Shazije Gërguri Hasangjekaj: Yes, from Skopje. They traveled a lot. Left on their own, on the road, changing from one train to another. [My son] said, “One woman, she was some kind of manager at a factory, would avoid us when she saw us like that. But when she started talking to us and saw we weren’t rebels, weren’t thugs or anything, she offered us jobs at her factory,” he said, “because she saw we weren’t the type to be out stealing or wandering the streets,” he said, “she offered us factory jobs,” he said, “we must have made an impression,” he said, “we hadn’t washed in two or three days, traveling.” There were a lot of hardships. It’s not good to mourn over the past.
Anita Susuri: Do you remember when KFOR arrived ? Did you see them?
Shazije Gërguri Hasangjekaj: No, I didn’t see them, just the Russians scared me a lot when they came in (laughs). But the kids were thrilled, the kids were thrilled. All of them at the windows, all of them, kuku, what the children did! How old were you then?
Anita Susuri: Seven.
Shazije Gërguri Hasangjekaj: So little. And what the children did out of happiness, so much, so much.
Anita Susuri: And how did life continue for you afterward? Did you return to work?
Shazije Gërguri Hasangjekaj: Yes, yes.
Anita Susuri: When did you return? Immediately?
Shazije Gërguri Hasangjekaj: As soon as the war ended, as soon as KFOR came in, I mean, NATO that stabilized the situation, we immediately started working.

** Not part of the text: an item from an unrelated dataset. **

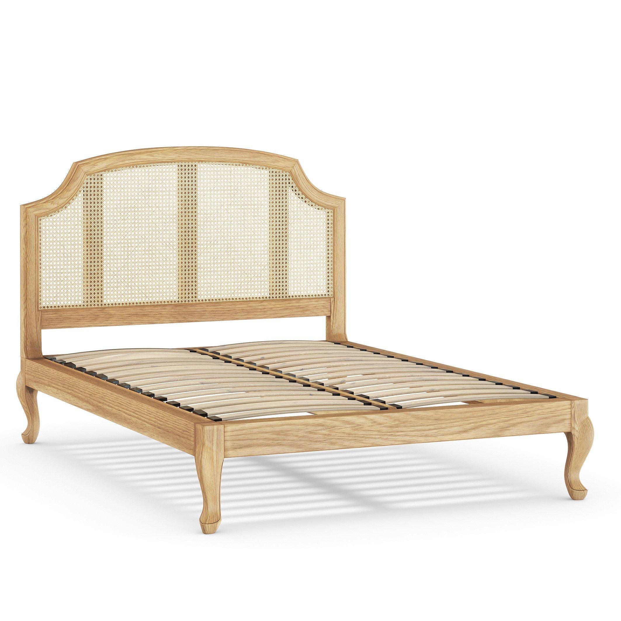 Solid oak, woven rattan, timeless design. This bed frame honours the retro revival in all the right ways. It's finished in a natural lacquer that highlights the authentic pattern and grains of the wood and the shapely rattan headboard gives it a fresh and more modern finish. Complete with supportive sprung slats in the base, dress this bed with a quality mattress and irresistible bed linens and it will be so hard to resist.

The hospital functioned normally. Doctors who had left for Skopje and other places returned, and work resumed normally.
Anita Susuri: Until what year, when did you retire?
Shazije Gërguri Hasangjekaj: I retired in 2009, I think. When did the student poisonings happen?
Anita Susuri: Yes, I wanted to ask you about that…
Shazije Gërguri Hasangjekaj: And during that time, the hospital was very busy. I personally wasn’t directly involved, since I worked in a more separate unit, I told you, it was like a lab, but the wards and other departments were very active.
Anita Susuri: Did you witness any cases?
Shazije Gërguri Hasangjekaj: Yes, plenty, even my own son was poisoned. The one who lives upstairs. He was in the gymnasium at the time.
Anita Susuri: How did it all happen?
Shazije Gërguri Hasangjekaj: It was a kind of fainting, like hysteria, some kind of aggressiveness . You couldn’t tell whether it was real or… God knows what they were given, just so they wouldn’t know what they were doing. They weren’t aware of their actions. They screamed, made uncontrollable gestures. It seemed to affect the nervous system, that’s what it looked like. Because when they disturb your mind, that’s more effective, it’s like giving you an illness. Your mind is everything. The children were in a really bad state.
Anita Susuri: And how did you find out that your son was affected? Did the school call you?
Shazije Gërguri Hasangjekaj: No, no. He was in the hospital, and when he came back, he told me. I didn’t let him go out for three or four days, you know, to isolate and mentally calm down. He was young, maybe in the second or third year of high school. But there were many cases. Around 100 a day came to the hospital. I don’t know how the nurses managed to handle it all. Everyone was mobilized. Really, we are good people. In such cases, we don’t care if it’s our child or someone else’s, we just try to help. That’s why we’re an example to the world, but with other things, we still can’t get along (laughs).
Anita Susuri: And how did your son describe it? Did he have any struggles or symptoms?
Shazije Gërguri Hasangjekaj: That, he said he felt unwell and had tremors. There was a lot of shaking. Also vomiting, and, “It felt like psychological distress,” he said, “we were shaking.” They put something in there. They did, because I’ve heard things from younger people… anyway, this isn’t for recording, we’ll talk later. These things aren’t part of everyday conversation.
Anita Susuri: Alright, Ms. Shazije. If there’s anything else you’d like to add at the end, or if you feel like you’ve forgotten something…
Shazije Gërguri Hasangjekaj: Thank you for coming, so the youth can also learn about the past and what people went through. I hope you have success, and greetings, may all the politicians unite.